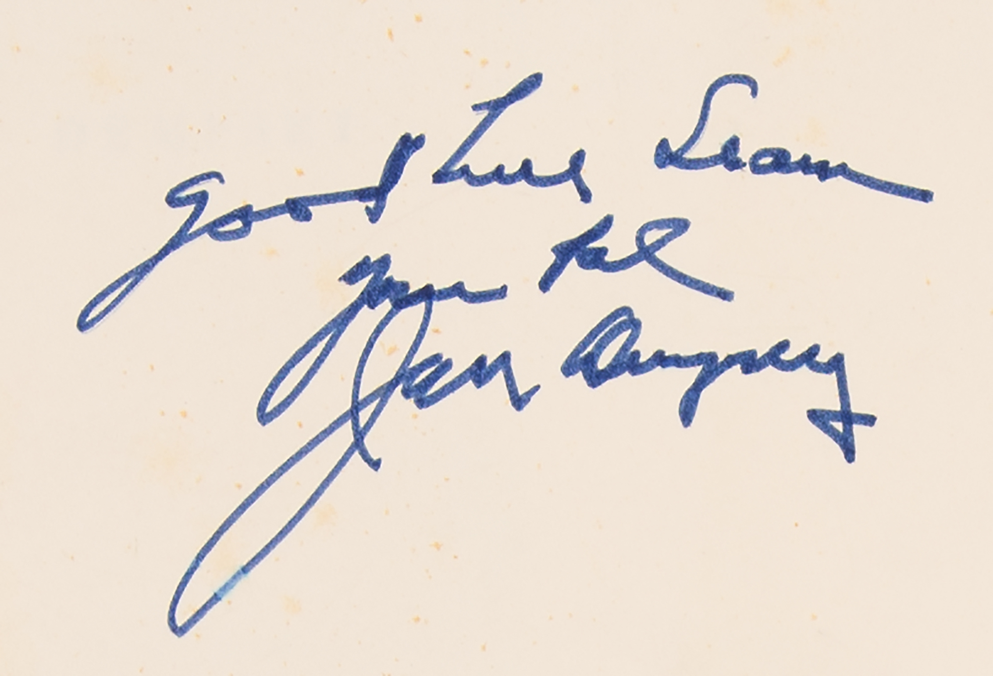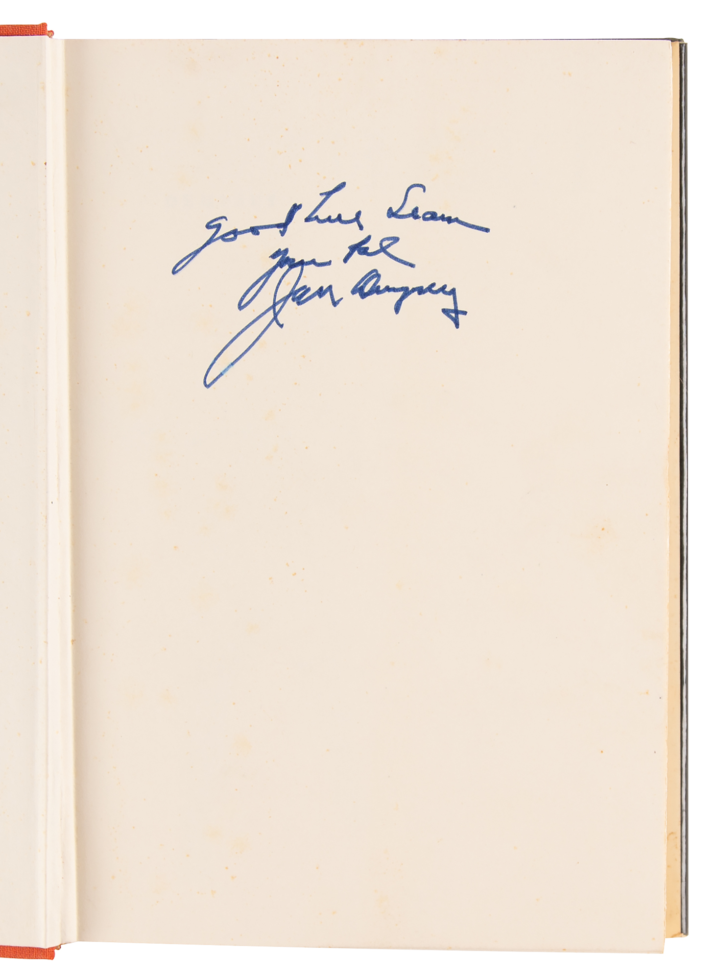 Signed book: Dempsey. First edition. NY: Harper & Row, 1977. Hardcover with dust jacket, 6.5 x 9.5, 320 pages. Signed and inscribed on the first free end page in blue felt tip, "Good luck Sean, your pal, Jack Dempsey." In very good to fine condition, with some very faint foxing to the signed page.
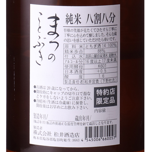 松の寿 純米 とちぎ酒14 八割八分 ひやおろし
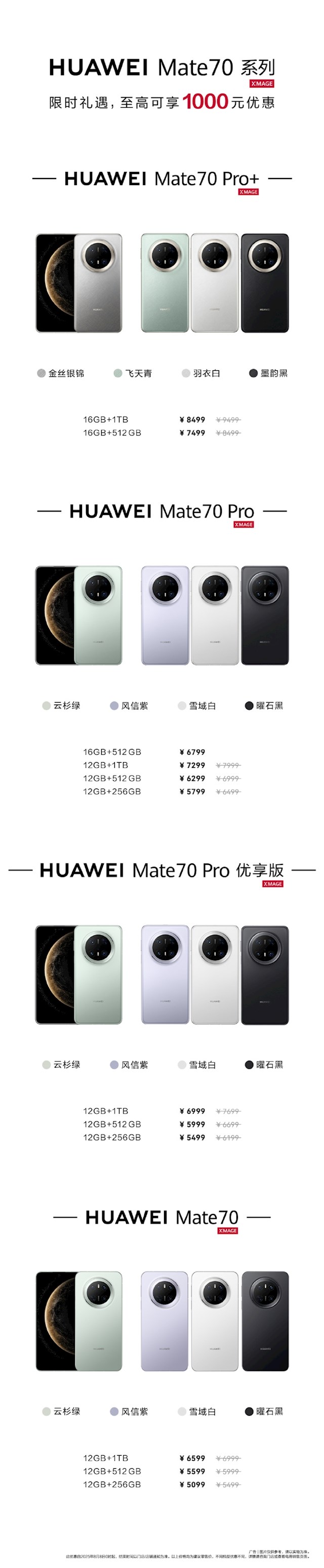 根据官方公布的海报显示,Mate 70标准版优惠400元,Mate 70 Pro优享版优惠700元,Mate 70 Pro优惠700元(除16+512GB外),Mate 70 Pro+版优惠1000元。

▬▬▬▬▬▬

- **WORK REQUIRED**
Copy each line of the material above exactly, but not the images.

- **RESULT OF THE EXERCISE**
 Signed book: Dempsey. First edition. NY: Harper & Row, 1977. Hardcover with dust jacket, 6.5 x 9.5, 320 pages. Signed and inscribed on the first free end page in blue felt tip, "Good luck Sean, your pal, Jack Dempsey." In very good to fine condition, with some very faint foxing to the signed page.
 松の寿 純米 とちぎ酒14 八割八分 ひやおろし
 根据官方公布的海报显示,Mate 70标准版优惠400元,Mate 70 Pro优享版优惠700元,Mate 70 Pro优惠700元(除16+512GB外),Mate 70 Pro+版优惠1000元。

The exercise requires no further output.